Sometimes I feel like battling cancer is easier than managing my diabetes.
Despite what everyone thinks of me, I don't sit around and gorge on sugar, candy, fattening foods and eat nothing but carbs all day long. I just don't believe in limiting myself. I learned from Weight Watchers that it is all about moderation. That's why I have tons of candy around my house - because I can eat one or two pieces and move on. That's why I eat dessert - because I know I can balance it with my meal. That's why I still eat carbs - because my body needs them to function and I'm not going to deprive myself.
But - back to the sugars:
I've been diabetic for about a year now. I started insulin therapy last March and it took me 3 months to get my fasting sugars under 120 on a regular basis. Of course this was all during things like chemo and being sick, but still. I was ecstatic in July when my A1C was actually normal and I had kept my suagrs under control on a consistent basis. When the doctor changed my insulin, my sugars weren't what they were supposed to be even with control, so I went back to my old stuff. After that, my sugars were out of control again - and then I had my mastectomy. Once again, I spent 3 months testing with different levels of insulin until I found the right dose that got my sugars under control again. This time I lasted 3 weeks. Then the new year came and BAM my suagrs are elevated again.
I changed what I eat at night.

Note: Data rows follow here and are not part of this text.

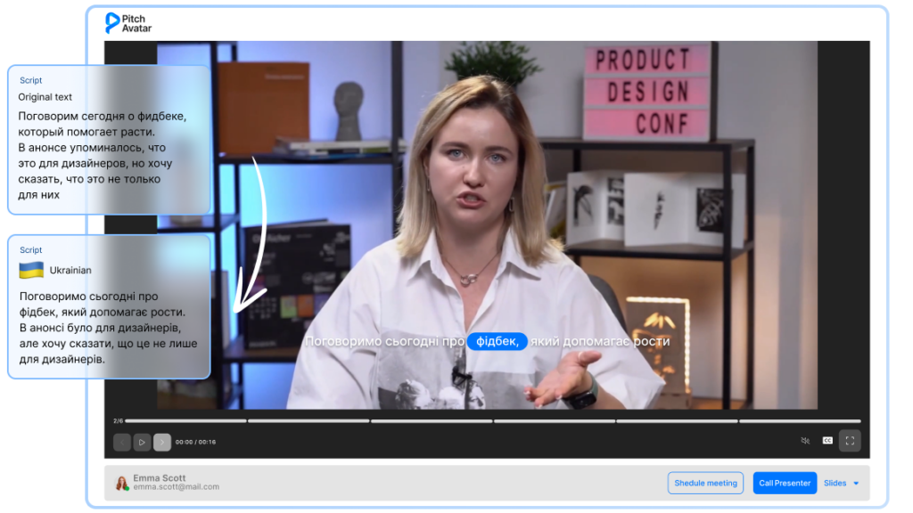 “In 2022, we made the decision to discontinue content in Russian completely. Since the platform has been active since 2017, we have accumulated many lectures that need to be re-recorded. However, this posed several challenges – many content creators could not produce high-quality re-recordings, and the process would have required extensive team resources, including managers, video production specialists, designers, and copywriters. Partnering with Pitch Avatar allowed us to overcome these challenges quickly and without utilizing our internal team’s resources. We are extremely pleased with the result and look forward to continuing our collaboration“
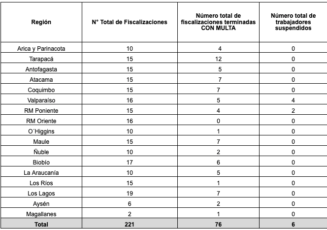 En el programa inspectivo anterior, los pasados días 30 y 31 de octubre, con ocasión del feriado de Iglesias Evangélicas y Protestantes, la DT realizó 225 fiscalizaciones, con 67 multas por $212.366.490 y 6 tripulantes suspendidos.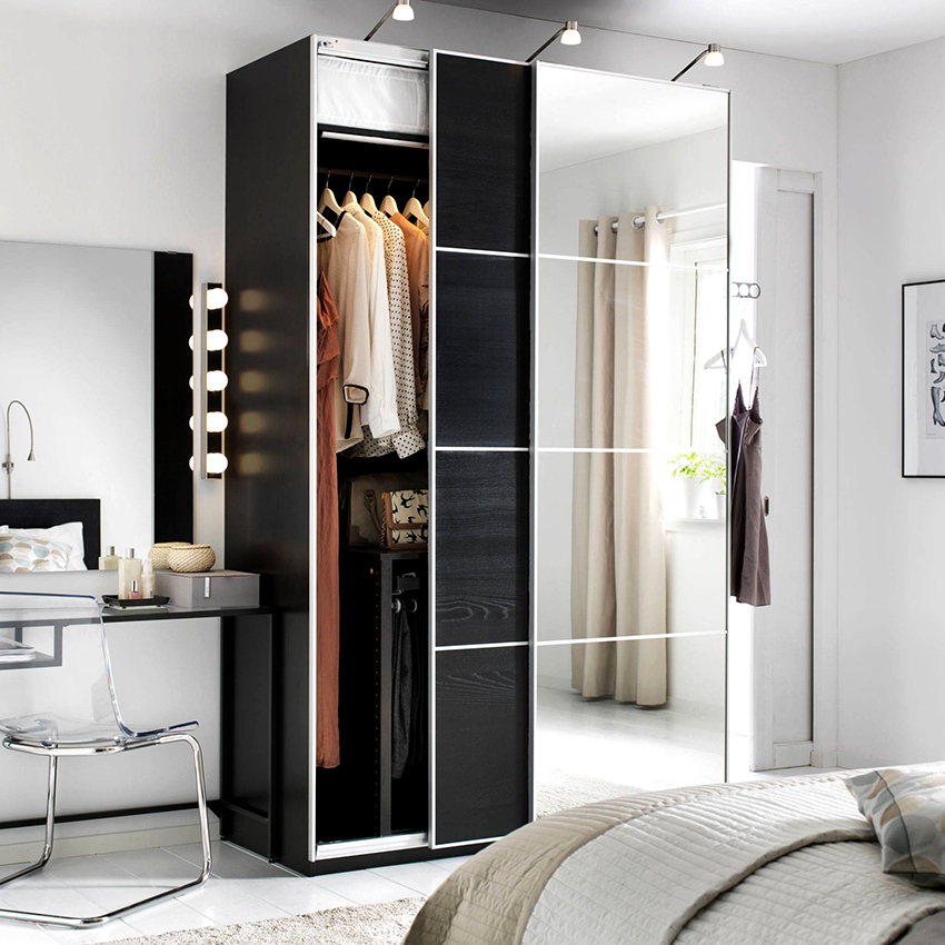 Посредством раздвижных дверок купе экономит место в спальне, в отличие от обычных шкафов с распашными дверями.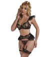 A cinta-liga, com detalhes em renda e alças ajustáveis para segurar suas meias favoritas, acrescenta um toque extra de sedução, tornando este conjunto a opção perfeita para uma noite especial. Enquanto isso, a calcinha complementa a peça com um design sedutor e confortável, que combina transparências e detalhes em renda para um acabamento irresistível.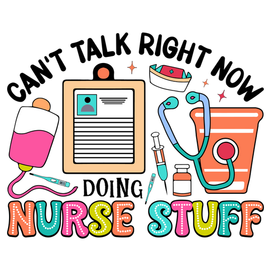 A vibrant graphic featuring essential nursing tools like a stethoscope, syringe, IV bag, and medical chart, labeled “Nurse Stuff.”DTF Transfers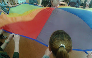 Tak, tak! Wykorzystuję spadochron nawet do matmy! (świetny sposób na ćwiczenie podzielności liczb czy jako... element gry planszowej, w której zamiast pionków wędrują uczestnicy!). Już kiedyś o tym wspominałam i jeszcze nieraz wspomnę. Niech tylko wyjdzie słońce i pozwoli na zabawę;)!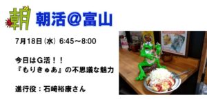 【朝活】7月18日(水) 今日はG活!『もりきゅあ』の不思議な魅力 日時 2018-07-18 06:45 ~08:00 (06:30受付開始) 会場 ゴールドカレー富山豊田店(富山市豊田町1丁目12-21) 参加費 600円 講師 石﨑裕康 さん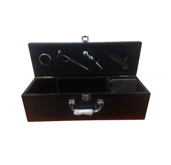 Caja porta vino con accesorios en la tapa cuerina negra con costuras en blanco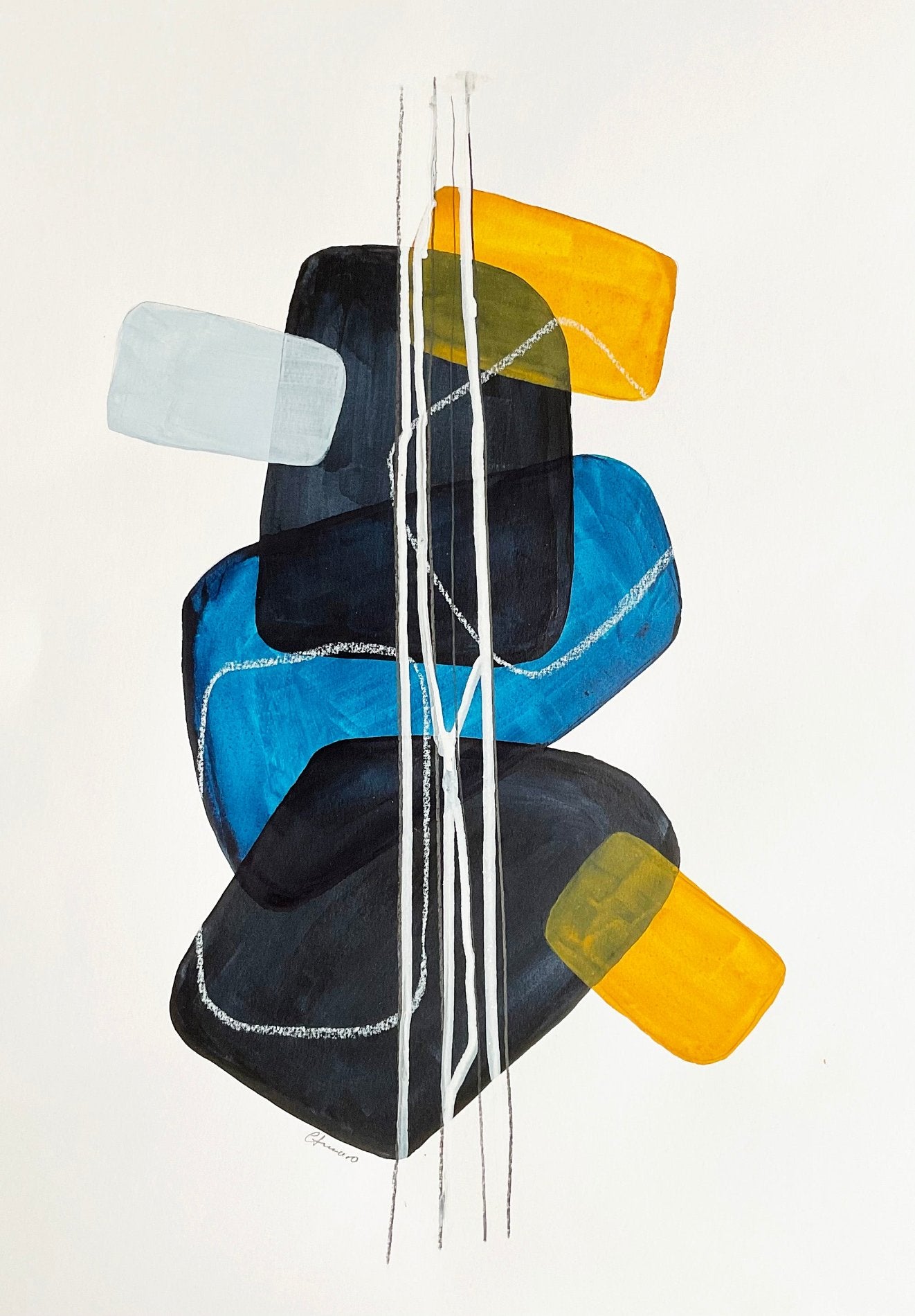 Balance I #1 explores a harmonious arrangement of organic shapes layered in cool blues, blacks, and warm golden tones. This abstract composition employs soft-edged rectangles and overlapping forms to create a sense of stability, while vertical white lines add movement and structure. The juxtaposition of opaque and translucent colors brings depth, echoing a tranquil yet dynamic equilibrium. The artwork invites reflection on balance and contrast within both composition and concept.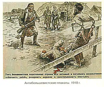 Кра́сный терро́р — комплекс карательных мер, проводившихся большевиками в ходе Гражданской войны в России (1917—1923) против социальных групп, провозглашённых классовыми врагами, а также против лиц, обвинявшихся в контрреволюционной деятельности. Служил средством устрашения как антибольшевистских сил, так и не принимавшего участия в Гражданской войне населения[1][2]. Террор и насилие большевики широко использовали против классовых врагов раньше, ещё до официального провозглашения декрета от 5 сентября 1918 «О красном терроре».[3]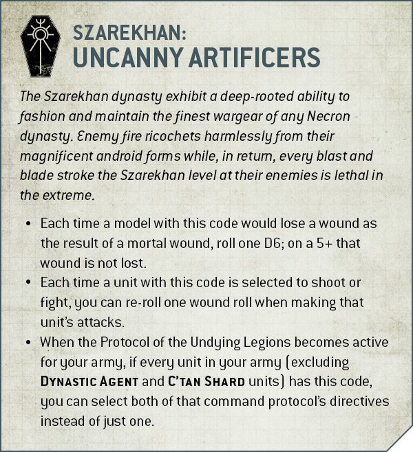 The last point is worth exploring. Up front, the bad news is that the old Cryptek +1 to reanimation aura is gone. It's a shame for Necron players because it would have been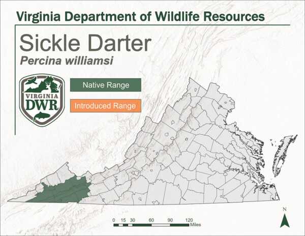 En Virginia, le dard-sickle est originaire des rivières Holston et Clinch, dans le bassin supérieur du Tennessee.

I test before/after dinner and take mealtime insulin like I'm supposed to. Before anyone says it yeah I do forget sometimes - like if we go out to eat or if I fall asleep early.
But I am always working to monitor my blood sugar and report back to the doctor when something goes nuts. But I feel so stupid that I've been doing this for a year now and still can't get things under control. I feel like I'm supposed to know what I'm doing by now. And since I obviously don't know what I'm doing, I must not be a very good patient.
Dr. B. doesn't take any crap. He can sense when I'm lying or trying to make excuses. He's tough and a little scary, which cna be a good thing. But it also makes me scared to face him. I'm scared to tell him I'm still failing at this and can't get my act together. I don't want him to think I'm a non-compliant patient or that I'm not trying hard enough.
I'm tired of feeling like a failure. I can't beat cancer - twice. But I can't keep my blood sugar under control.